The field’s maturing move is benchmarks and explicit faithfulness criteria — not prettier dashboards.

RAVEL and disentanglement

RAVEL (Huang et al., ACL 2024) tests whether methods can locate and disentangle entity attributes (city → continent, person → occupation) using causal interchange: swap representations and check whether the target attribute moves in isolation. Distributed methods beat single-neuron stories. The benchmark now feeds broader suites (SAEBench, MIB).

CausalGym and linguistic causality

CausalGym (Arora et al., 2024) extends the SyntaxGym idea: can interpretability methods causally affect linguistic behaviors on minimal pairs? DAS (Distributed Alignment Search) often wins — with overfitting caveats the authors discuss.

Faithfulness, completeness, open problems

Sharkey et al.’s Open Problems in Mechanistic Interpretability (2025) is the community checklist: decomposition theory, automation, validation protocols, monitoring, dual-use, governance. If you read one meta-document, read that.

The operational definitions from circuit work carry over everywhere:

  • Faithfulness: intervene on everything outside your explanation → behavior should not change
  • Completeness: intervene on everything inside → behavior should break

Most published “circuits” and “features” satisfy neither fully. Reporting which one you tested matters.

Provable guarantees (early)

Zhang et al., 2026 connect circuit discovery to neural network verification (α-β-CROWN). Aspirational for frontier models today, but it sets the epistemic bar: what would it mean to prove an internal explanation, not just illustrate it?


What “SOTA” means in 2026

If you are waiting for a radically new primitive, you may be looking in the wrong place.

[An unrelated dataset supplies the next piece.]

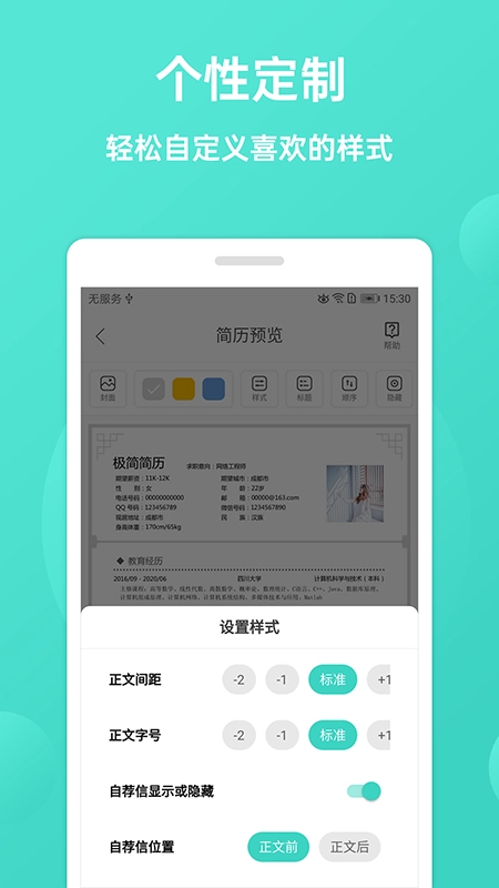极简简历app是一款实用的简历制作APP。在极简简历app内,很多不同的类型的风格的素材,不同的模板与排版都可免费享用,用户可以轻松的编辑自己的简历,方便又快捷。功能服务非常全面,可以自定义进行添加项目,简历更丰富。

The active frontier lines, as I read them:

  1. Feature dictionaries at scale — SAE → transcoder → crosscoder, aligned with steering and patching (Scaling Monosemanticity, crosscoders)
  2. Automated circuits with honest metrics — ACDC/EAP-IG plus faithfulness, not just overlap (Hanna et al., 2024)
  3. Unsupervised verbalization for monitoring — NLA, activation oracles, eval-awareness detection (NLA 2026)
  4. Concept phenomenology across depth — RepE LAT, emotion layers, read-vs-steer dissociations (Anthropic emotion concepts, Whether Not Which)
  5. Safety-grounded pipelines — locate refusal/harm features → break them → harden (Actionable MI survey; my RFA entanglement post)
  6. Measurement science — RAVEL, CausalGym, SAEBench, Sharkey open problems

The synthesis recipe I find most convincing — and the one I am trying to execute — is triangulation: for the same concept, ask whether contrast vectors, probes, (optional) SAE neighbors, steering effects, and (optional) NLA decodes agree qualitatively on depth and behavior. Disagreement is often more publishable than agreement.


What this map leaves out

Deliberately incomplete:

  • Black-box interpretability (mechanistic vs. behavioral probing of capabilities) — different threat model
  • CoT / reasoning-token internals on o-style models — same tools, harder access, different geometry
  • Training dynamics (grokking, progress measures) — where mechanisms emerge, not just where they sit at convergence
  • Full tool inventory — TransformerLens, pyvene, nnsight, SAELens, etc. are infrastructure, not theory

Also: interpretability is dual-use. Methods that locate refusal or deception features help defenders and attackers on open weights. The Arditi refusal-direction result is the clean public example. The answer is not “hide the tools” — it is do not build safety as a single ablatable direction.


Where I am placing my own bets

I am not claiming a unified theory of layers. I am building multi-method concept maps on open models: emotion and related families with paired read and steer depth profiles, RSA checks against NLA decodes, and behavioral evals that are not just cosine similarity between vectors. If that sounds like recombining 2019–2024 primitives — it is. That recombination, with explicit limits, is what the field says it wants next.

If you are new to this: pick one observe method and one intervene method on a small open model. Run them on the same concept. Plot where they disagree. That single plot teaches more than learning a fourth acronym.


Sources and further reading

Research notes behind this map: notes/mech_interp_topics/00_INDEX.md (topic guides), readings/mech_interp_paper_inventory.md (local PDF index), notes/safety_mech_interp_literature.md (safety-specific pipeline).

Key papers linked inline above. Surveys: Sharkey et al., 2025; Actionable MI, 2026. Anthropic Transformer Circuits sequence: transformer-circuits.pub.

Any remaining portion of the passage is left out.